Hereinafter, an analyzer according to an embodiment of the present invention will be specifically described with reference to the drawings. In the present embodiment, a case where a blood coagulation analyzer is used as the analyzer 1 will be described.
(Embodiment 1)
FIG. 1 is a schematic diagram showing a configuration of an analyzer 1 according to Embodiment 1 of the present invention. As shown in FIG. 1, the analyzer 1 is mainly configured by a measurement unit 2, a transport unit 3, and a data processing unit 4. The transport unit 3 is disposed in front of the measurement unit 2 and is configured to automatically supply a sample (plasma or serum) to the measurement unit 2. The measurement unit 2 uses the biological activity method, the synthetic substrate method, or the immunoturbidimetric method for the sample supplied from the transport unit 3 in this manner to determine the coagulation / fibrinolysis factor component contained in the sample. It is possible to analyze. The measurement unit 2 is connected to the data processing unit 4 via a LAN cable, and can transmit the analysis result to the data processing unit 4.

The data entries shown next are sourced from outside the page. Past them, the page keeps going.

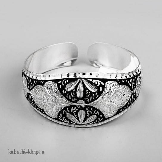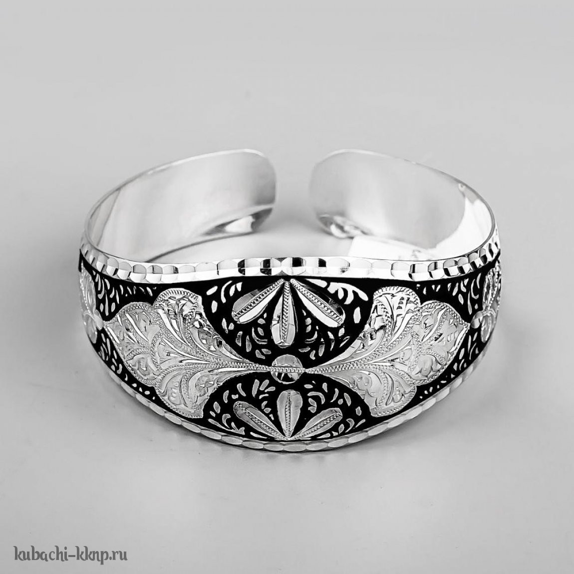 Серебряный браслет Кубачи  на женскую руку с орнаментом - БР03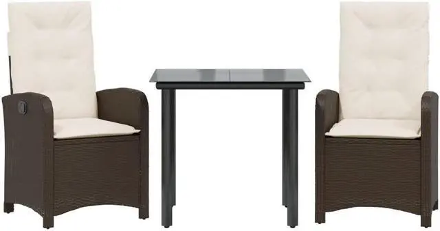 vidaXL Patio Dining Set with Cushions Garden Furniture 3 Piece Brown Poly Rattan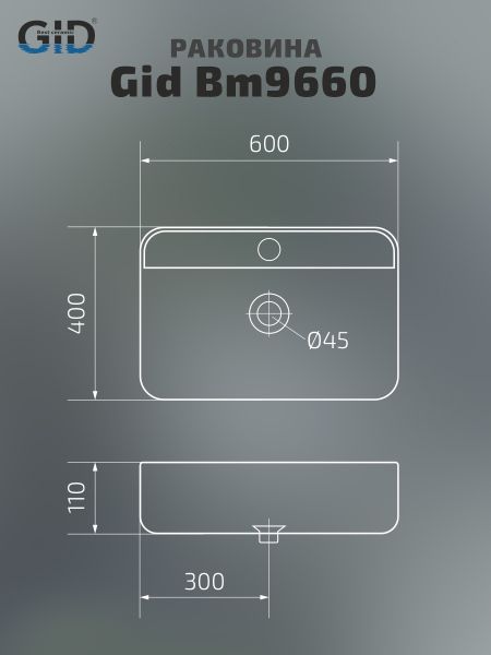 Раковина Gid Bm9660 53376 накладная черная матовая 60x40x11 купить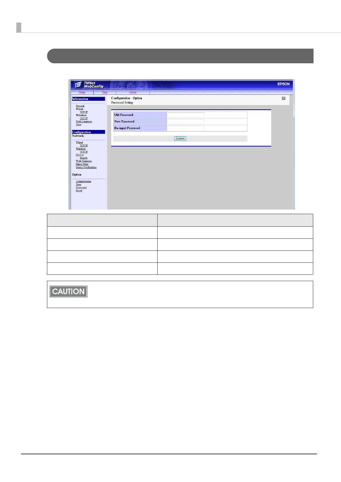 You can change a password of EPSON TMNet WebConfig.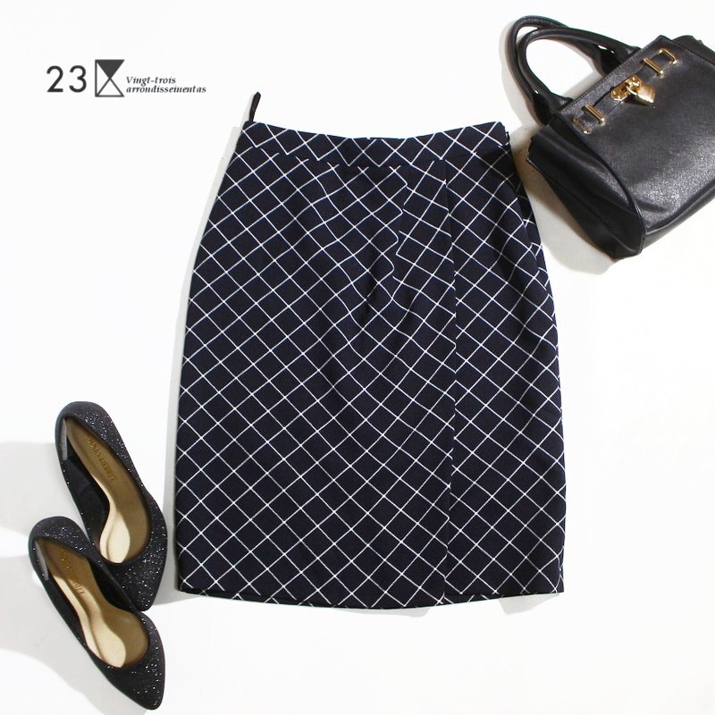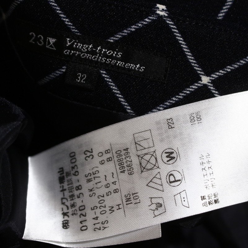 美品 23区 株) オンワード樫山 合物 通年 格子柄 小さいサイズ32 ジャージ― タイトスカート ブラック 黒 オフィス 通勤 小柄 フォーマル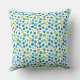 Coussin aux tons bleu et vert, motif à points de printemps lumineux et gai.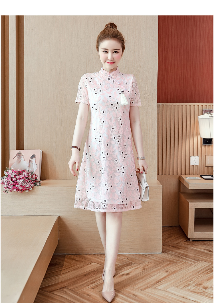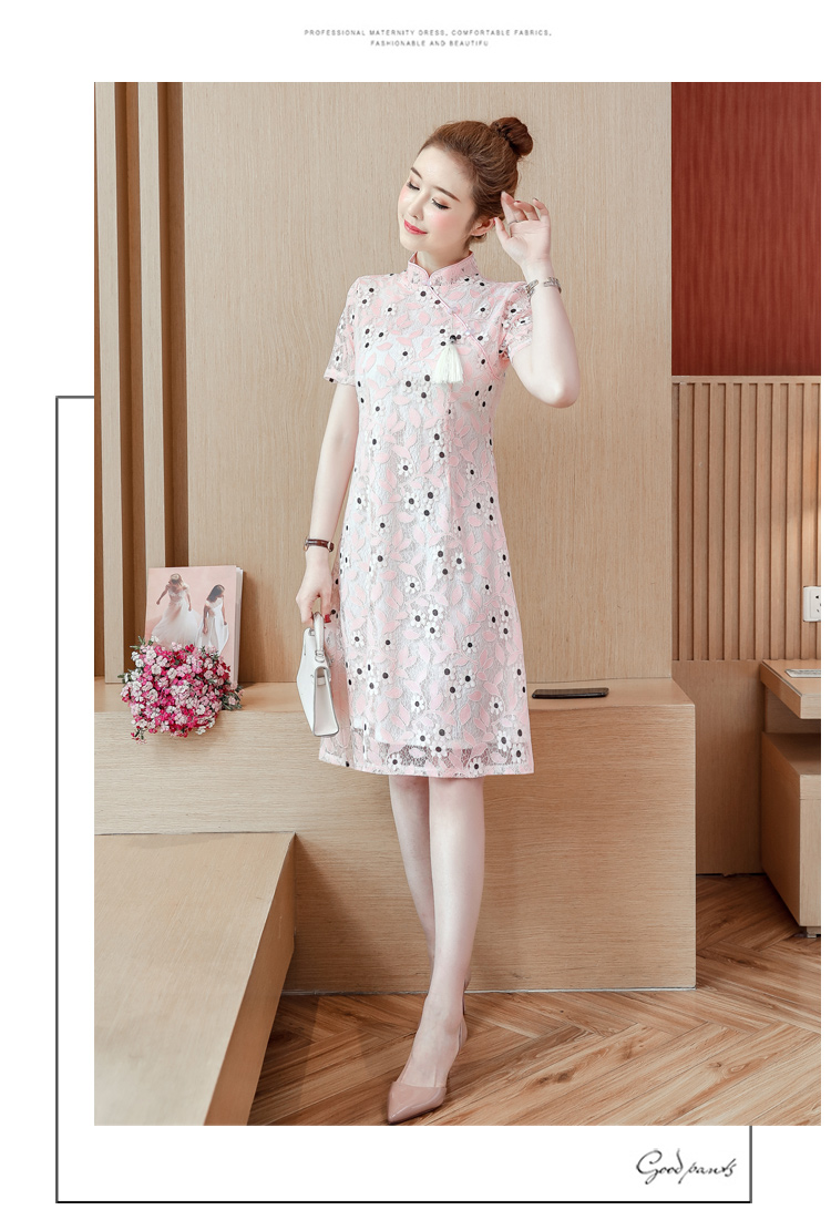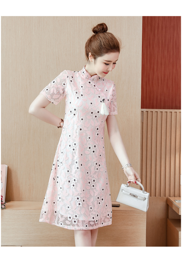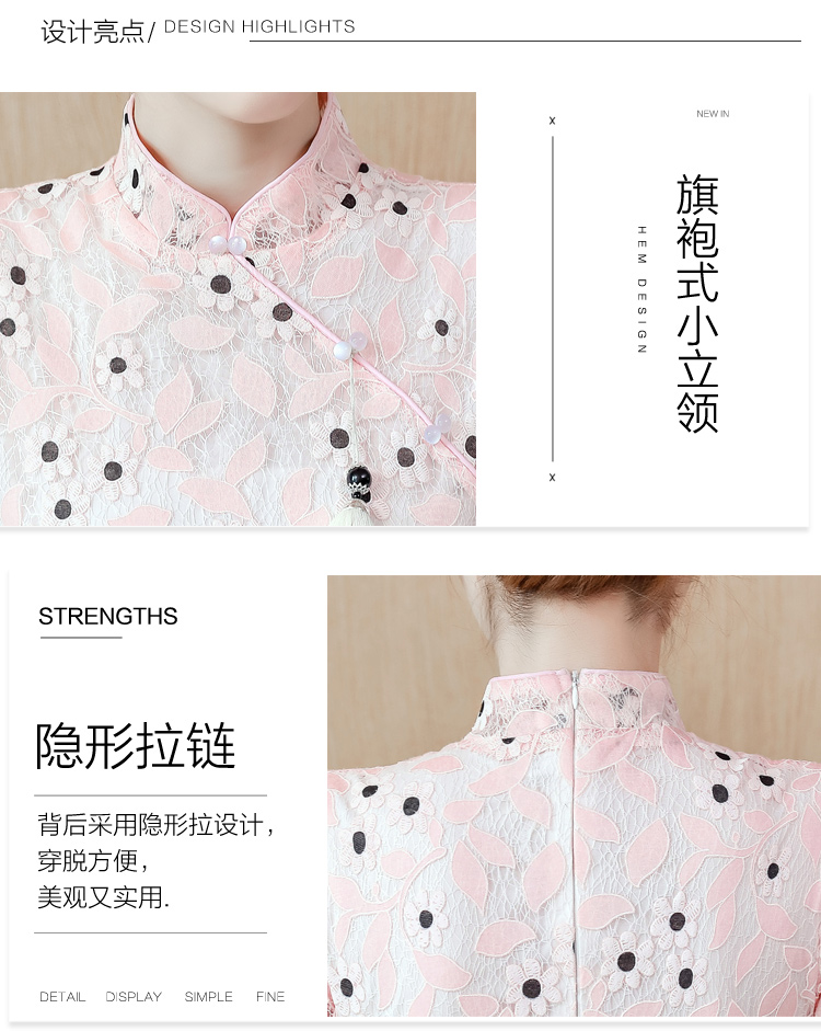 2020夏季新款中國風改良旗袍中長款修身清新小香風蕾絲印花連衣裙1入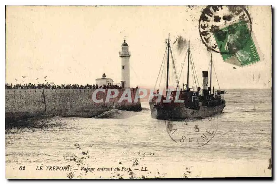 Cartes postales Phare Le Treport Vapeur entrant au port Bateau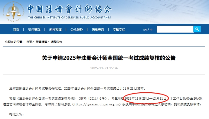 根据《注册会计师全国统一考试成绩复核办法》(财考〔2014〕6号),考生可在2025年11月28日——12月11日,于工作日8:00至20:00,通过访问注册会计师全国统一考试网上报名系统(https://cpaexam.cicpa.org.cn)或使用手机进入移动端,提出成绩复核申请。

  FIG. 2 is a plan view showing configurations of the measurement unit 2 and the conveyance unit 3. As shown in FIG. 2, the transport unit 3 includes a transport path 3 </ b> A for transporting a sample rack 6 in which a plurality of (for example, ten) sample containers 5 in which samples are stored. An intermediate portion of the transport path 3A is a sample supply position 7. The sample rack 6 supplied from the outside is transported along the transport path 3 </ b> A and reaches the sample supply position 7. Then, the measurement unit 2 sucks the sample from the sample container 5 of the sample rack 6 that has reached the sample supply position 7, and performs measurement on the sample.

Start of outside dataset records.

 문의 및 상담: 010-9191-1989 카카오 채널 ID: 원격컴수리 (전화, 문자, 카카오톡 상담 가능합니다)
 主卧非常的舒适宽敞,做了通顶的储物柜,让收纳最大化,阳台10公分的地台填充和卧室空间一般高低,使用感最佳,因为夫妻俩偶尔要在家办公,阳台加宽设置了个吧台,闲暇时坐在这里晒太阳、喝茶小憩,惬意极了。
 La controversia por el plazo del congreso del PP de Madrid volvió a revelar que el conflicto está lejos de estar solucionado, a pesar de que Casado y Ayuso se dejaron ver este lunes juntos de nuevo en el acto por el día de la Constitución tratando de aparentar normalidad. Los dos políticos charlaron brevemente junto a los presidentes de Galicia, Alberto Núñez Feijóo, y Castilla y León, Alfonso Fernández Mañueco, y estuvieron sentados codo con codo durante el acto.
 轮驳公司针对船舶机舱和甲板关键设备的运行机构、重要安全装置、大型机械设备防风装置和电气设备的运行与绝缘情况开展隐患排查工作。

  Next, the configuration of the measurement unit 2 will be described. As shown in FIG. 2, the measurement unit 2 includes a table unit 9, a cuvette supply unit 12, cuvette transfer units 13 and 23, a buffer solution storage unit 14, sample dispensing units 15 and 16, and a heating table. 17, a reagent dispensing unit 18, 19, a detection unit 21, a cuvette discharge unit 24, and a control unit 25.

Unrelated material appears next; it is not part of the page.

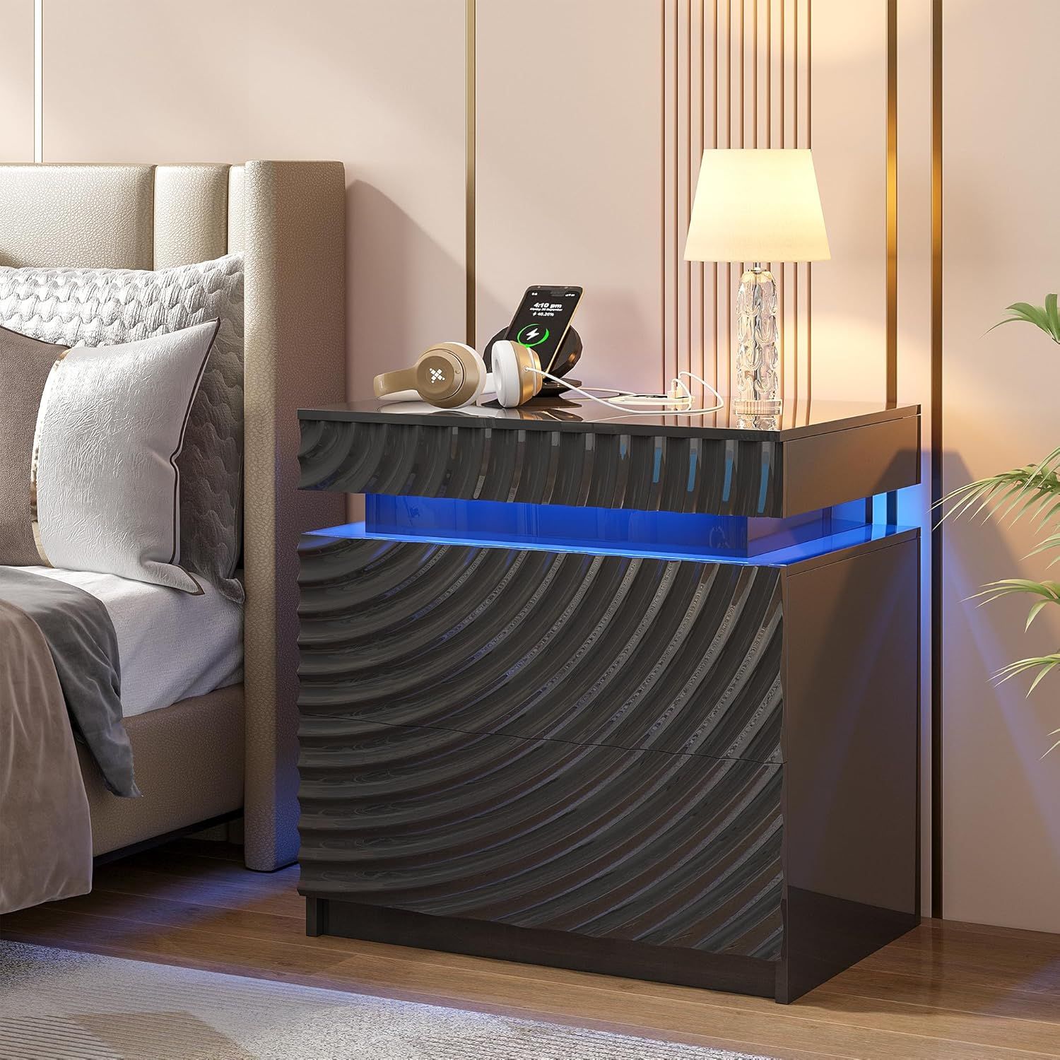Black Bedside Table with Charging Port, LED Lights & Motion Sensor, 3-Drawer Nightstand for Bedroom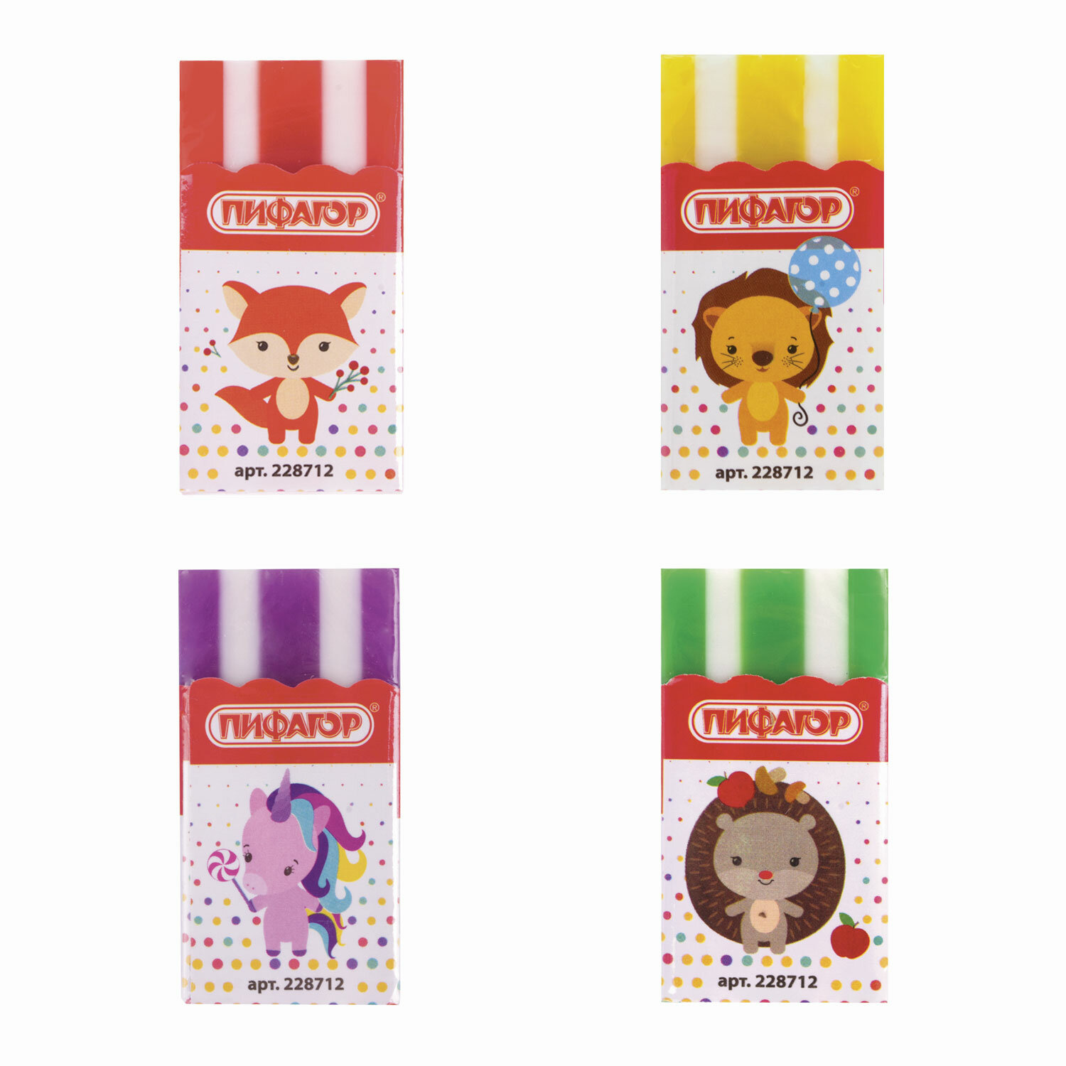 - Ластик ПИФАГОР "ЭНИКИ-БЕНИКИ", 50х27х8мм, цвет ассорти, экологичный ПВХ, картонный держатель, 228712

  The table unit 9 is provided in the center of the measurement unit 2. In the table unit 9, a plurality of disk-like and annular tables are coaxially arranged, and each table can rotate independently of each other. Each table is provided with a plurality of storage holes 10, and reagent containers 9 </ b> B and cuvettes 8 can be set in these storage holes 10. FIG. 3 is a perspective view showing the external appearance of the cuvette 8. As shown in FIG. 3, the cuvette 8 is formed in an elongated tubular shape having one end opened and the other end closed to have a round bottom. The cuvette 8 accommodates a specimen and a specimen (mixed liquid of specimen and reagent). Further, a cooling device (not shown) provided with a Peltier element is provided at the lower part of the table unit 9, and the temperature of the reagent accommodated in the reagent container 9B is maintained at about 15 ° C. by this cooling device. Be drunk.

  As shown in FIG. 2, on the right side of the table unit 9 (hereinafter, the right side in FIG. 2 is referred to as the right side and the left side in FIG. 2 is referred to as the left side), the cuvette supply unit 12 and the cuvette transfer unit 13 are provided. Is provided. The cuvette supply unit 12 can stock a plurality of cuvettes 8 supplied to the table unit 9. The cuvette transfer unit 13 transfers the cuvette 8 stocked in the cuvette supply unit 12 to the table unit 9 and sets it in the storage hole 10.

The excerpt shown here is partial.